После десяти часов безумного объезда разлива я вымотался, пришло время для первого ночлега. Я свернул к ближайшему островку, отключил глейтшвиммер и, выбираясь из прибрежной жижи, потащил его за собой. Островок покрывали бамбуковые губки: это переплетение тысяч очень длинных, гибких стеблей, которые вытягиваются из болота на десять, двадцать, тридцать метров вверх, а затем изгибаются, переплетаются между собой, образуя в итоге плотный войлок пористого органического вещества, непрерывно потрескивающего, раскачивающегося туда-сюда и стреляющего во все стороны спорангами в форме сюрикенов, от которых уже погибли два человека и один У-менш.
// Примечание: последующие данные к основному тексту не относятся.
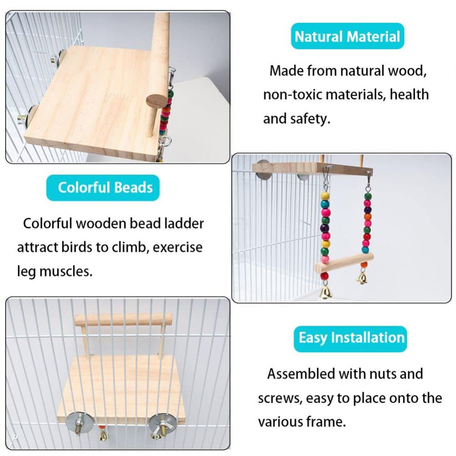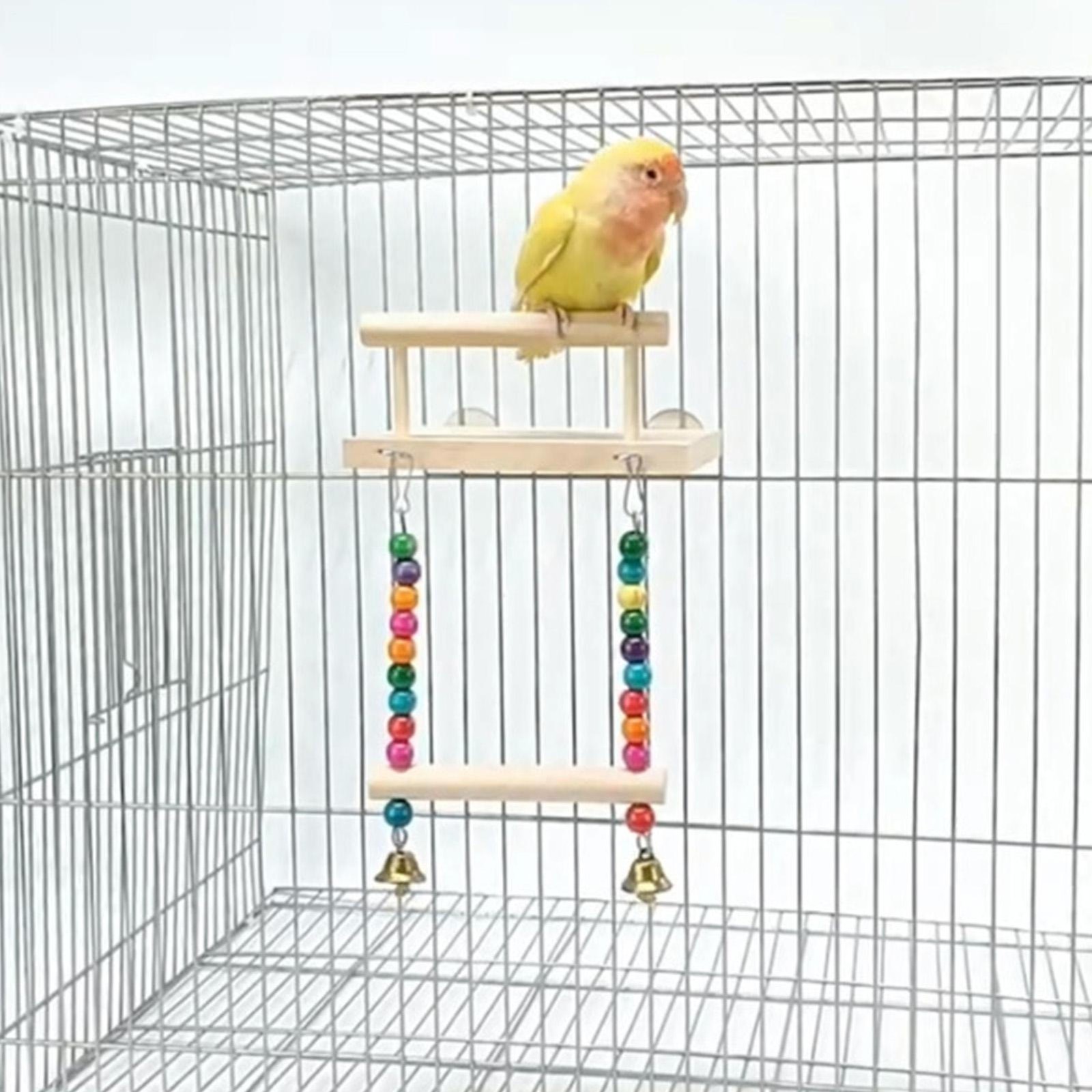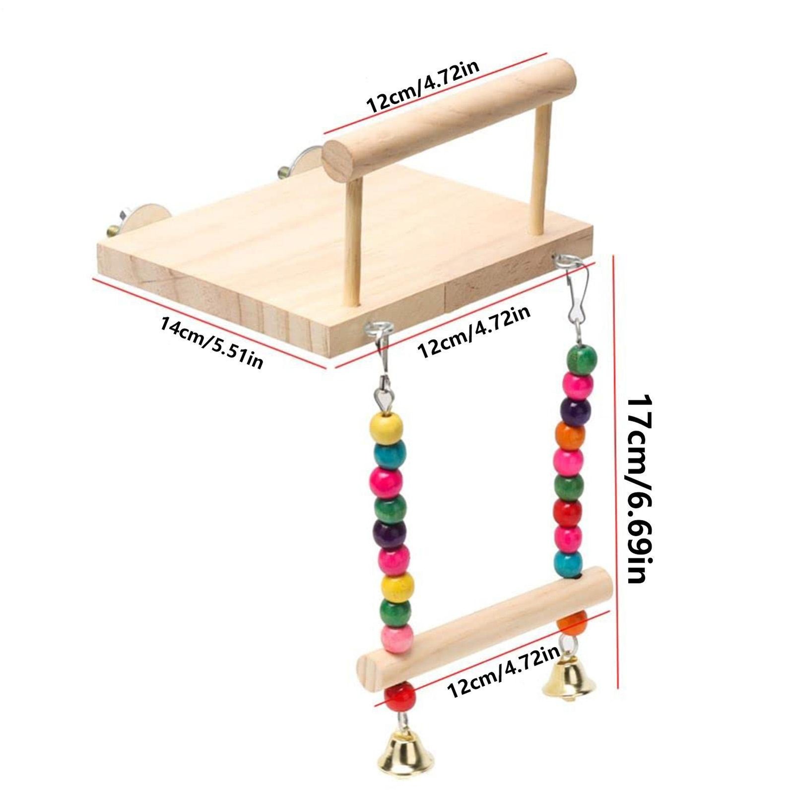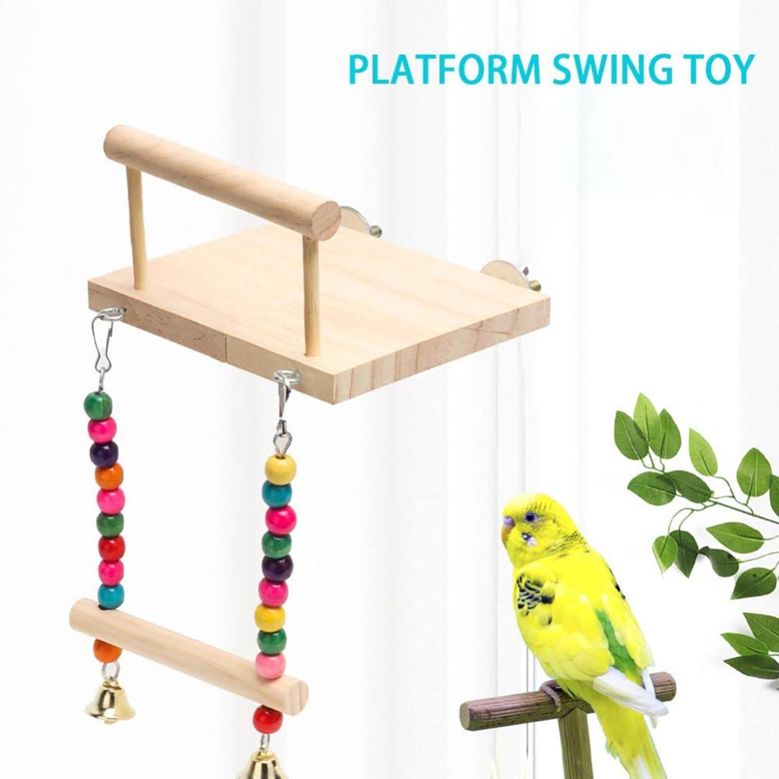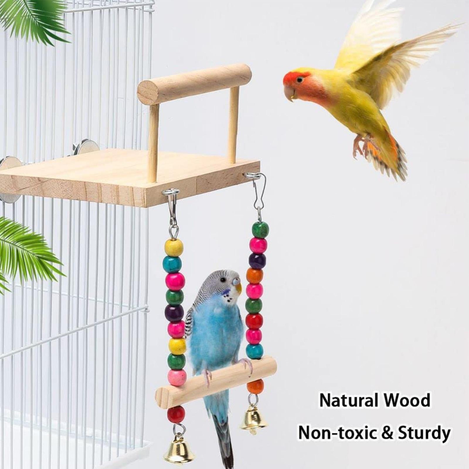 Bird Platform Wooden Parakeet Toys With Swing for Cage Bird Perches With Rattle
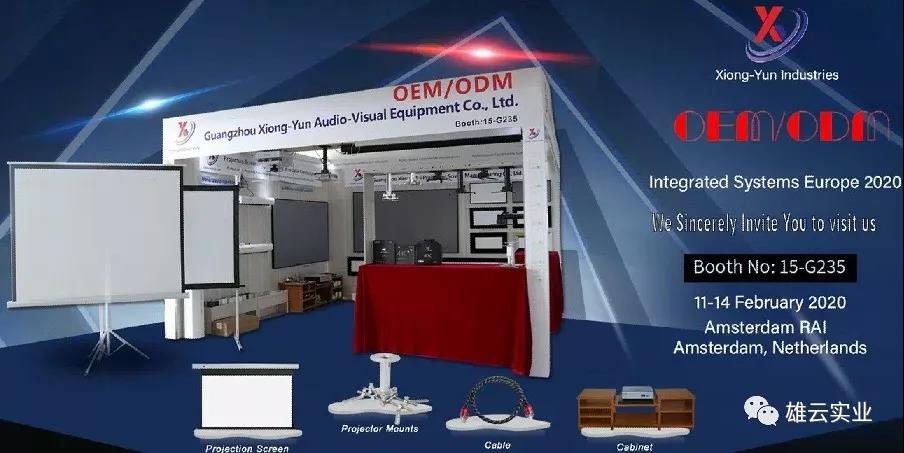 雄云實業(yè)攜旗下廣州市雄云視聽設(shè)備有限公司和廣州市雄瑞投影幕制造有限公司參加荷蘭阿姆斯特丹視聽及系統(tǒng)集成展會(ISE)。雄云實業(yè)將攜創(chuàng)新產(chǎn)品隆重亮相,為全球客戶帶來眾多高端的影音視聽器材產(chǎn)品!

Я зарылся в грязь, накрылся глейтшвиммером, высунул стержни аэратора, слизал с внутришлемной кормушки таблетку и уснул. Спал почти девять часов. Мне ничего не снилось, то есть никаких снов я не помню; мне никогда ничего не снится. Спустив скутер на воду, я двинулся дальше. И не был это ни рассвет, ни вечер, когда ложился я на свое вампирское ложе, – одна лишь тяжесть серого накрывшего меня небосклона; без ноктостекол, и сейчас и тогда, я видел бы только безлунную, беззвездную ночь. Мрак – это целая вселенная, кроме нее нет ничего.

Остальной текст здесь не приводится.